- INPUT DATA:

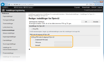 Marker afkrydsningsfeltet [Brug PIN-kode til adgang til Fjern-UI], og indstil pinkoden.
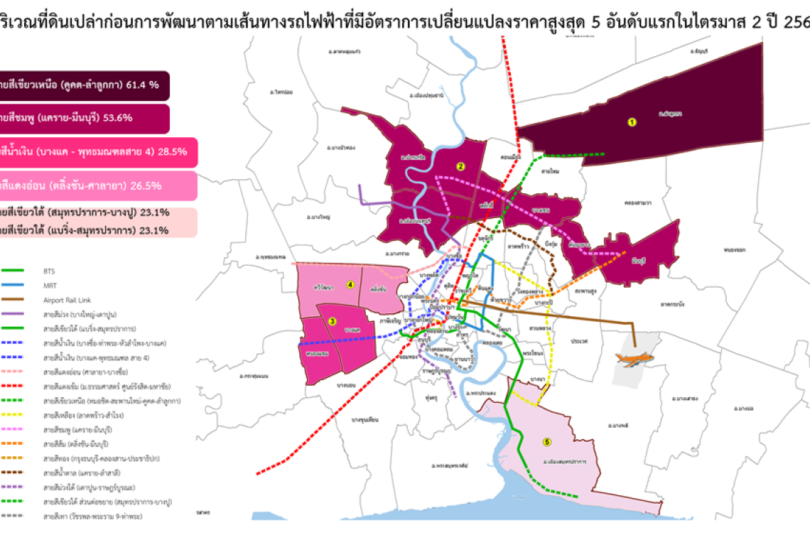 การปรับเพิ่มขึ้นของดัชนีราคาที่ดินเปล่าก่อนการพัฒนาในไตรมาสนี้ ทำเลที่มีการปรับเพิ่มขึ้นมากกว่าทำเลอื่นๆ ส่วนใหญ่ยังคงเป็นพื้นที่ปลายสายรถไฟฟ้าที่เป็นส่วนต่อขยายและมีแผนจะก่อสร้างในอนาคต โดยทำเลที่มีเส้นทางรถไฟฟ้าผ่าน 5 อันดับแรกที่มีอัตราการขยายตัวของราคาที่ดินเพิ่มขึ้นสูงสุด เมื่อเทียบกับช่วงเวลาเดียวกันของปีก่อน (YoY) ได้แก่
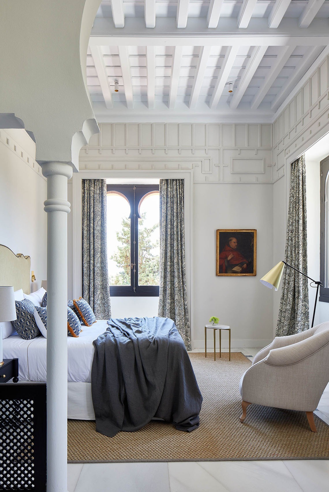 The Deluxe Double Rooms at Castillo de Santa Catalina offer a spacious and bright sleeping space. Its high ceilings and beautiful windows add a touch of classic distinction to an elegantly decorated 20 m² room, where every detail takes center stage.

- PROBLEM REQUIREMENTS:
From the first line to the last, retype the data exactly, but omit every image.

- FINISHED EXERCISE:
 Marker afkrydsningsfeltet [Brug PIN-kode til adgang til Fjern-UI], og indstil pinkoden.
 การปรับเพิ่มขึ้นของดัชนีราคาที่ดินเปล่าก่อนการพัฒนาในไตรมาสนี้ ทำเลที่มีการปรับเพิ่มขึ้นมากกว่าทำเลอื่นๆ ส่วนใหญ่ยังคงเป็นพื้นที่ปลายสายรถไฟฟ้าที่เป็นส่วนต่อขยายและมีแผนจะก่อสร้างในอนาคต โดยทำเลที่มีเส้นทางรถไฟฟ้าผ่าน 5 อันดับแรกที่มีอัตราการขยายตัวของราคาที่ดินเพิ่มขึ้นสูงสุด เมื่อเทียบกับช่วงเวลาเดียวกันของปีก่อน (YoY) ได้แก่
 The Deluxe Double Rooms at Castillo de Santa Catalina offer a spacious and bright sleeping space. Its high ceilings and beautiful windows add a touch of classic distinction to an elegantly decorated 20 m² room, where every detail takes center stage.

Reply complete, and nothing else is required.